WHAT TO DO
Output exactly the lines below, starting with the line that has "ひとり親家庭高等職業訓練促進" and going on through the line that has "2021年7月,建設(shè", both included, and no other lines.

WORKING DATA

######

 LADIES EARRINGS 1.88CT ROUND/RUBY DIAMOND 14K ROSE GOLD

######

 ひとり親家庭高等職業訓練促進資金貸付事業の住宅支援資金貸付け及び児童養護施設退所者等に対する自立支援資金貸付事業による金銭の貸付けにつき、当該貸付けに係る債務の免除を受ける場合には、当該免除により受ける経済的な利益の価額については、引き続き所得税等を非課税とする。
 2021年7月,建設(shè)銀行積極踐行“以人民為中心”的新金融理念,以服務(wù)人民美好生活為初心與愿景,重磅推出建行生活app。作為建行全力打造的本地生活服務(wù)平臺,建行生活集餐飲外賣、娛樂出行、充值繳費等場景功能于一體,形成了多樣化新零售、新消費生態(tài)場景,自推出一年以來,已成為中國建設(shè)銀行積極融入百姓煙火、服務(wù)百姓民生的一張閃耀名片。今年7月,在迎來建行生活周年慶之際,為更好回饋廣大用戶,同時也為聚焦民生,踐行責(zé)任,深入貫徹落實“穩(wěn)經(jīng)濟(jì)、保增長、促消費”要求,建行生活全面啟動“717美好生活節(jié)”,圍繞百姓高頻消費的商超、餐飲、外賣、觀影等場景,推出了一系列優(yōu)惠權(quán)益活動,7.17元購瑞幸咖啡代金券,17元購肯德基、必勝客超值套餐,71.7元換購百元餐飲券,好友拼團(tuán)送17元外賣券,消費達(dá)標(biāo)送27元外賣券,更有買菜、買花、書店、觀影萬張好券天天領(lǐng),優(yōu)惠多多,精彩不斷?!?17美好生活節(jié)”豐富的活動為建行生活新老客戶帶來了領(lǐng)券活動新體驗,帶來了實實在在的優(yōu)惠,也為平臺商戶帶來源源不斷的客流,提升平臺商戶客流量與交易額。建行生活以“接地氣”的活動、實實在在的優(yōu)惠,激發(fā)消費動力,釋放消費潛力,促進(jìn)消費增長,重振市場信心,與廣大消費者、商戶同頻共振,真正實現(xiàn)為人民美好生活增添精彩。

######

RESULT
 ひとり親家庭高等職業訓練促進資金貸付事業の住宅支援資金貸付け及び児童養護施設退所者等に対する自立支援資金貸付事業による金銭の貸付けにつき、当該貸付けに係る債務の免除を受ける場合には、当該免除により受ける経済的な利益の価額については、引き続き所得税等を非課税とする。
 2021年7月,建設(shè)銀行積極踐行“以人民為中心”的新金融理念,以服務(wù)人民美好生活為初心與愿景,重磅推出建行生活app。作為建行全力打造的本地生活服務(wù)平臺,建行生活集餐飲外賣、娛樂出行、充值繳費等場景功能于一體,形成了多樣化新零售、新消費生態(tài)場景,自推出一年以來,已成為中國建設(shè)銀行積極融入百姓煙火、服務(wù)百姓民生的一張閃耀名片。今年7月,在迎來建行生活周年慶之際,為更好回饋廣大用戶,同時也為聚焦民生,踐行責(zé)任,深入貫徹落實“穩(wěn)經(jīng)濟(jì)、保增長、促消費”要求,建行生活全面啟動“717美好生活節(jié)”,圍繞百姓高頻消費的商超、餐飲、外賣、觀影等場景,推出了一系列優(yōu)惠權(quán)益活動,7.17元購瑞幸咖啡代金券,17元購肯德基、必勝客超值套餐,71.7元換購百元餐飲券,好友拼團(tuán)送17元外賣券,消費達(dá)標(biāo)送27元外賣券,更有買菜、買花、書店、觀影萬張好券天天領(lǐng),優(yōu)惠多多,精彩不斷?!?17美好生活節(jié)”豐富的活動為建行生活新老客戶帶來了領(lǐng)券活動新體驗,帶來了實實在在的優(yōu)惠,也為平臺商戶帶來源源不斷的客流,提升平臺商戶客流量與交易額。建行生活以“接地氣”的活動、實實在在的優(yōu)惠,激發(fā)消費動力,釋放消費潛力,促進(jìn)消費增長,重振市場信心,與廣大消費者、商戶同頻共振,真正實現(xiàn)為人民美好生活增添精彩。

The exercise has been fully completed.